In one aspect of the present invention, a rotary drag drill bit has a body intermediate a shank and a working face. The working face has a plurality of blades converging towards a center of the working face and diverging towards a gauge of the working face. A carbide section is fixed to the working face and positioned within a pocket disposed within an inverted cone of the working face. The carbide section has a distal end exposed within the working face.

Patent
   7641002
Priority
Nov 21 2005
Filed
Mar 28 2008
Issued
Jan 05 2010
Expiry
Apr 22 2026
Extension
152 days
Assg.orig
Entity
Large
26
121
all paid
1. A rotary drag drill bit, comprising:
a body intermediate a shank and a working face;
the working face comprising a plurality of blades converging toward a center of the working face and diverging toward a gauge of the working face;
a carbide section fixed to the working face and positioned within a pocket disposed within an inverted cone of the working face; and
the carbide section comprising a distal end exposed within the working face;
wherein the carbide section is disposed about a jack element coaxial with an axis of rotation of the drill bit, the jack element extending out of an opening formed in the working face.
2. The drill bit of claim 1, wherein at least one cutting element is brazed to a distal portion of the carbide section.
3. The drill bit of claim 1, wherein the carbide section is brazed or shrink-fit within the pocket formed in the working face.
4. The drill bit of claim 1, wherein the drill bit body is made of steel.
5. The drill bit of claim 1, wherein the drill bit body is made of matrix.
6. The drill bit of claim 1, wherein a steel sleeve is intermediate the carbide section and a wall of the pocket.
7. The drill bit of claim 1, wherein the carbide section forms a portion of a cone section of at least one blade of the plurality of blades.
8. The drill bit of claim 7, the at least one blade comprises a slope transition formed by the cone section of the blade and the carbide section.

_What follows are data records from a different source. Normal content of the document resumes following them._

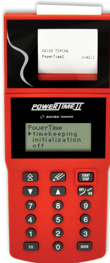
POWER TIME II timing device with its integrated printer

POWER TIME II is a hand-held timer with integrated printer for athletics, ski and swimming competitions. It integrates all the experience of Swiss Timing's official timekeepers of over 25 Olympiads. The device is composed of a 24 digits printer and a 4x16 digits LCD. Despite its small size, nothing has been left behind to assure ease and comfort of use for the operator. Firmware updates and dedicated softwares are available on our website and can be downloaded through the serial port. POWER TIME II features several in/out connectors allowing various peripherals links such as a starting system. A combined RS232/RS422 serial port allows it to connect to a scoreboard and a PC for the display and the transfer of the results. Thanks to the peripherals, the system is able to process athletics, skiing and swimming competitions. POWER TIME II can also be used as an ideal complement to other timing devices in registering the start and arrival times in any sports event, measuring speed or lap times among many other applications. It can register and store up to 2000 entries. High precision, easy to use and friendly interface, compact size and low power consumption makes the POWER TIME II a highly practical solution for all disciplines requiring the measurement of time. It is suitable for every timekeeper, from amateurs to professionals, having already been used at various Olympic games.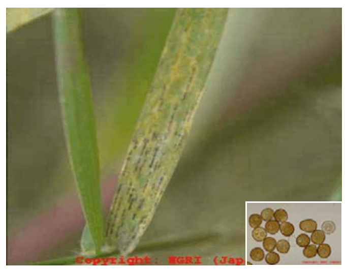
Figure 4. Puccinia or leaf rust on bermudagrass. Inset shows magnified conidiophores of leaf rust.

varieties are highly susceptible. While not a formal variety, common bermudagrass is often infected with leaf spot and is probably the most commonly reported susceptible "variety." Most reported problems are in under-grazed pastures during late summer. Two improved varieties also appear to be extremely susceptible: Alicia and World Feeder. Note that both of these cultivars were introduced to Georgia from more arid areas of central Texas and Oklahoma. It is not uncommon to observe increased disease susceptibility when varieties originating from arid climates are introduced into more humid areas.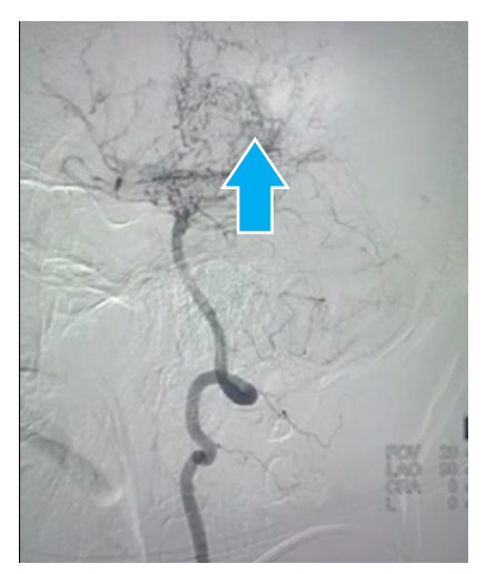
Figure 3: Digital Subtraction Angiography image showing absent anterior and middle cerebral artery replaced by multiple small network of vessels showing puff of smoke appearance.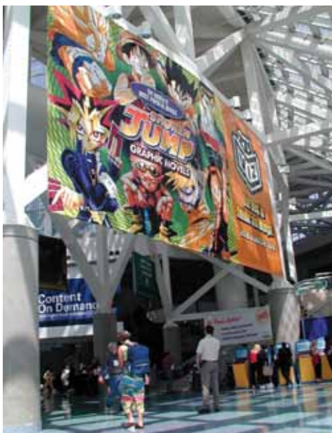
Las Vegas, NV

From One-of-a-Kind Banners to High-Volume Orders – and Everything in Between – Britten Makes it Happen with High-Powered Technology and Fired-Up Service.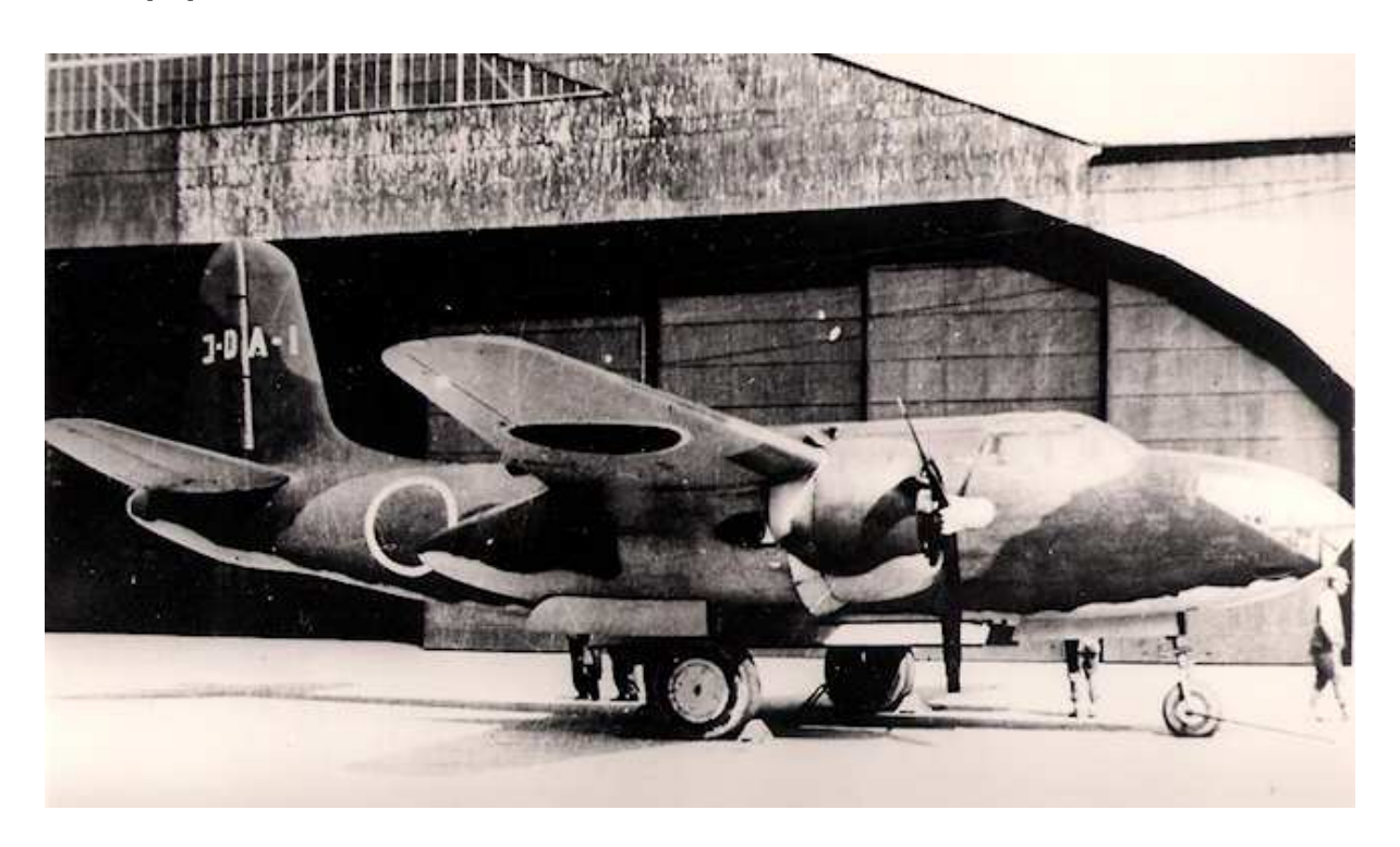
Picture 5: The Boston AL904, still in crates at Tjilatjap, fell into Japanese hands and was later flown over to Japan. This picture was taken in late 1942 at Yokusuka, the site of the test centre of the Japanese Navy air force.

After an inspection by the divisional commander of the KNIL on 6 March around noon, the harbour was closed at around 14:00 hrs that day, and Tjilatjap was subsequently evacuated by the troops. [34] The role of the harbour was over and the majority of the KNIL troops, along with the British anti-aircraft artillery units, left in the late afternoon and evening. This was in part due to the rapid Japanese advance through Central Java in the direction of Tjilatjap. Materiel that could not be taken along had to be destroyed on the spot. [35] In accordance with the orders of the divisional commander, the Commandant Maritieme Middelen also ordered part of his personnel (including a number of service personnel coming from the assembly team) to leave Tjilatjap in the afternoon of 6 March. [36]

9. The drill bit of claim 8, wherein the carbide section comprises a larger cone angle than the cone section of the blade.
10. The drill bit of claim 1, wherein a portion of the carbide section protrudes from the working face.
11. The drill bit of claim 10, wherein the protruding portion of the carbide section comprises a length of 0.25 to 2 inches.
12. The drill bit of claim 1, wherein a portion of the carbide section is set back into the working face.
13. The drill bit of claim 1, wherein at least one nozzle is disposed within a portion of the carbide section.
14. The drill bit of claim 1, wherein carbide section tapers to a point.
15. The drill bit of claim 1, wherein the inverted cone is formed by the plurality of blades and comprises a slope transition formed by at least two contiguous substantially flat sections with different cone angles; and
a radially proximal flat section comprising a larger cone angle than a radially distal flat section.
16. The drill bit of claim 15, wherein a plurality of cutting elements is arrayed along any portion of the at least one blade including the cone portion, nose portion, flank portion, gauge portion, or combinations thereof.
17. The drill bit of claim 15, wherein the radially proximal cone angle comprises an angle between 30 and 60 degrees with respect to a horizontal plane of the working face.
18. The drill bit of claim 15, wherein the radially distal cone angle comprises an angle between 5 and 25 degrees with respect to a horizontal plane of the working face.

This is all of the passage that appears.